## What to work on
Copy out, unchanged, the entries below from the "Продажа 2-комнатных квартир" line to the final line. Omit pictures.

## Given records
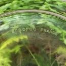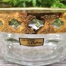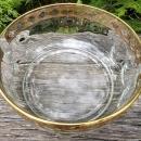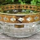 Mid-century modern "Valencia" glass bowl, decorated by Culver, circa 1962+. Arcoroc, France blank, signed on bottom. Green diamonds and 22 karat gold decoration on clear. Measures 8.75"d x 3.875"h. Considered a salad bowl, but can be used for anything you like. Excellent unused condition with original label intact. Inglenook Antiques...Established 1989.
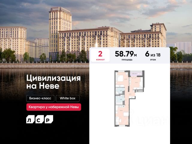 Продажа 2-комнатных квартир на 6 этаже в районе Невский в Санкт-Петербурге
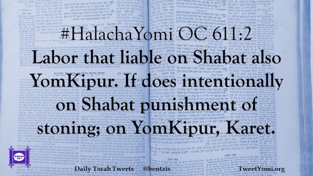 #HalachaYomi OC 611:2 Labor that liable on Shabat also YomKipur. If does intentionally on Shabat punishment of stoning; on YomKipur, Karet.
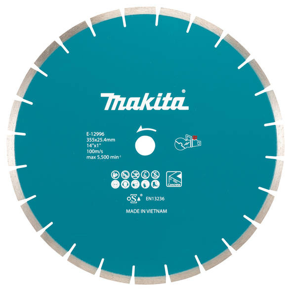 Tarcza diamentowa Makita E-12996 to segmentowa tarcza przeznaczona do profesjonalnego użytku z akumulatorową przecinarką CE001. Segmentowe szczeliny pozwalają na szybkie i chłodne cięcie. Spawana laserowo, co zapewnia trwałe połączenie. Sprawdzi się podczas pracy z utwardzanym betonem, cegłami oraz bloczkami betonowymi.
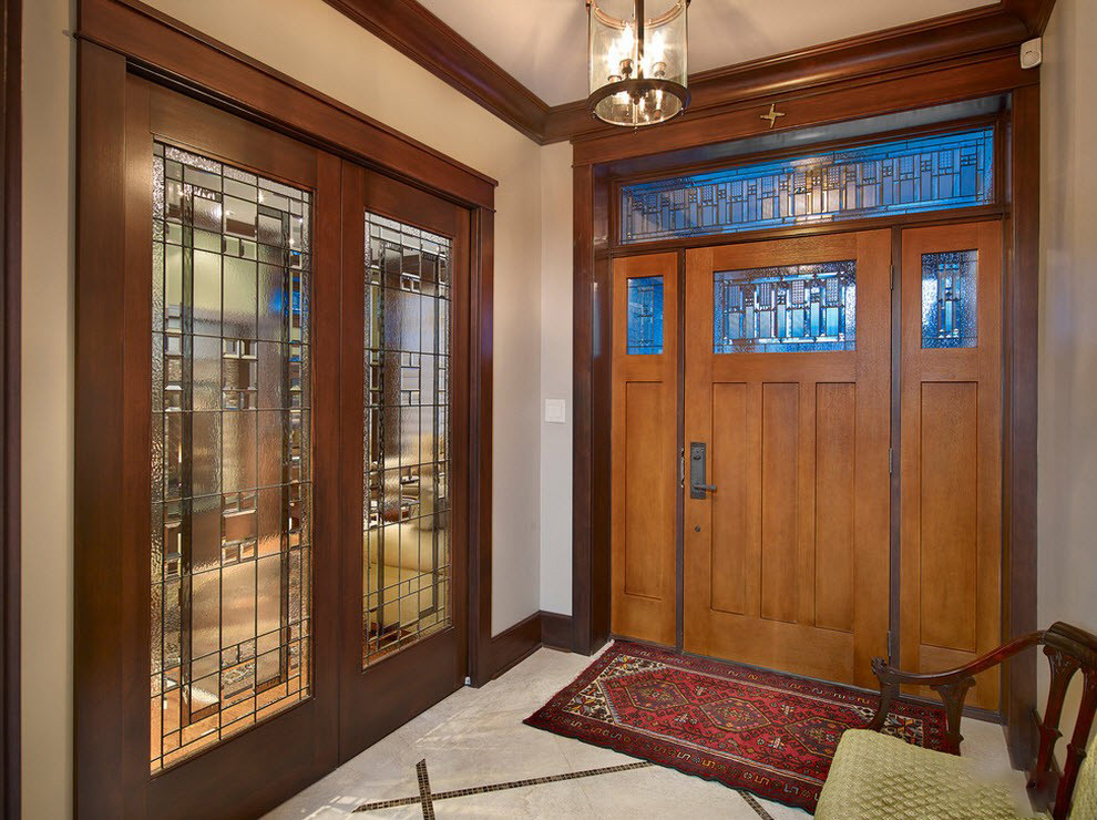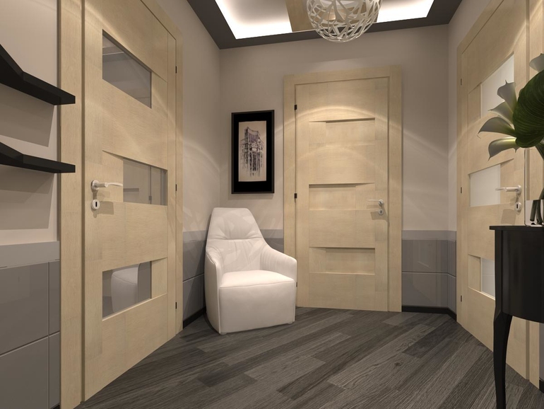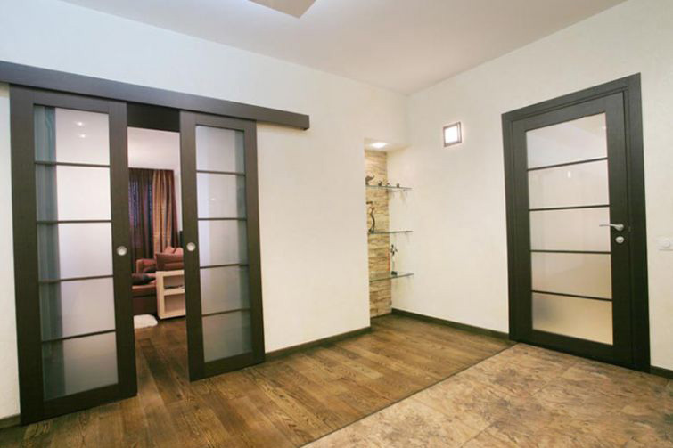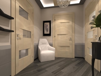 In den meisten Fällen hat die Anordnung der Räume separaten Korridor eine Reihe von Türen zu benachbarten Räumen. Hier besteht die Hauptaufgabe darin, das Konzept eines einzelnen separaten Raums zu bewahren. Zu diesem Zweck müssen alle vorhandenen Türen und Böschungen aus demselben Material mit dem gleichen Muster und der gleichen Farbe wie Holz, Glas und Kunststoff hergestellt werden.
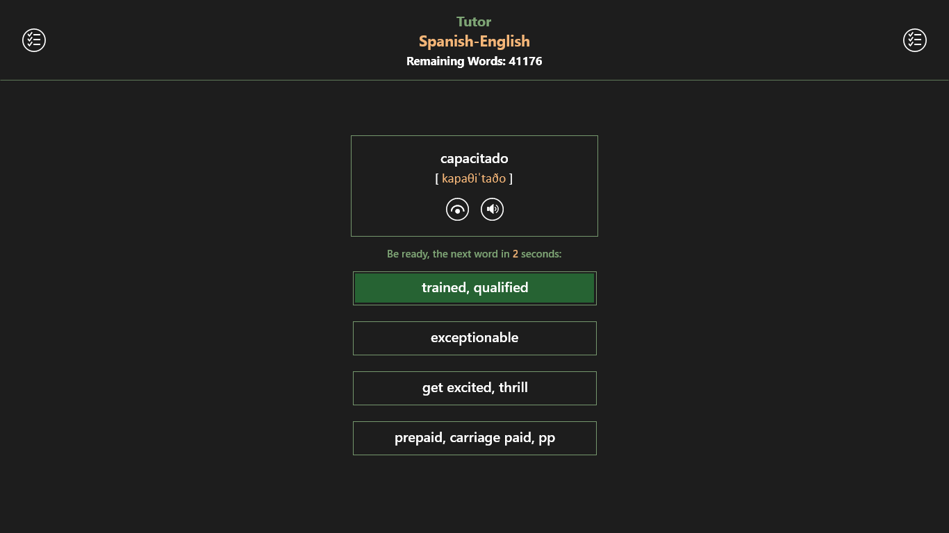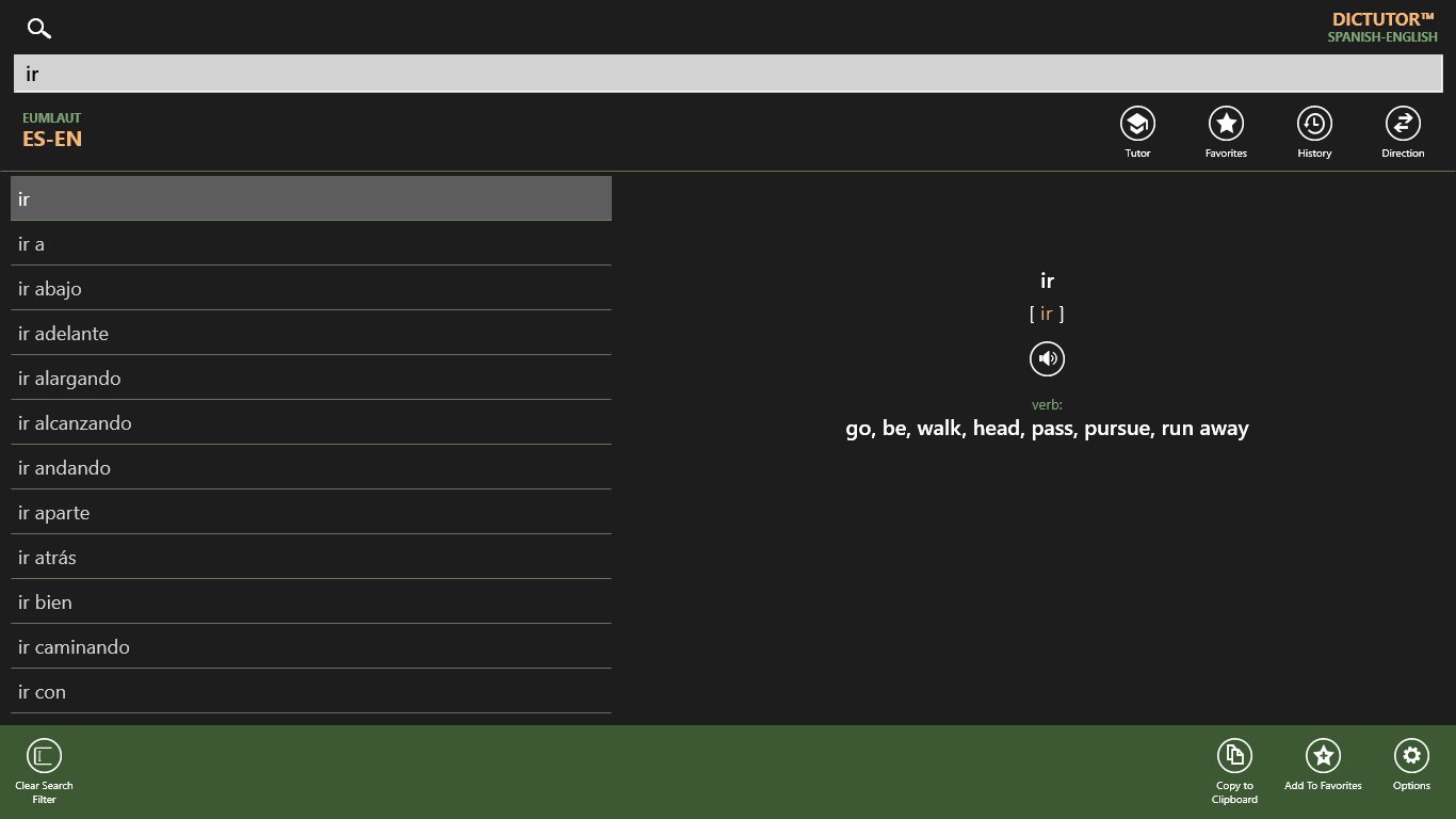 Dictutor ES-EN is an impressive bundle of universal offline Spanish-English and English-Spanish dictionaries with electronic tutor for English speaking users. It’s the powerful tool for mastering Spanish language. Dictutor lets you instantly translate and effectively learn new foreign words.

## Exercise result
 Продажа 2-комнатных квартир на 6 этаже в районе Невский в Санкт-Петербурге
 #HalachaYomi OC 611:2 Labor that liable on Shabat also YomKipur. If does intentionally on Shabat punishment of stoning; on YomKipur, Karet.
 Tarcza diamentowa Makita E-12996 to segmentowa tarcza przeznaczona do profesjonalnego użytku z akumulatorową przecinarką CE001. Segmentowe szczeliny pozwalają na szybkie i chłodne cięcie. Spawana laserowo, co zapewnia trwałe połączenie. Sprawdzi się podczas pracy z utwardzanym betonem, cegłami oraz bloczkami betonowymi.
 In den meisten Fällen hat die Anordnung der Räume separaten Korridor eine Reihe von Türen zu benachbarten Räumen. Hier besteht die Hauptaufgabe darin, das Konzept eines einzelnen separaten Raums zu bewahren. Zu diesem Zweck müssen alle vorhandenen Türen und Böschungen aus demselben Material mit dem gleichen Muster und der gleichen Farbe wie Holz, Glas und Kunststoff hergestellt werden.
 Dictutor ES-EN is an impressive bundle of universal offline Spanish-English and English-Spanish dictionaries with electronic tutor for English speaking users. It’s the powerful tool for mastering Spanish language. Dictutor lets you instantly translate and effectively learn new foreign words.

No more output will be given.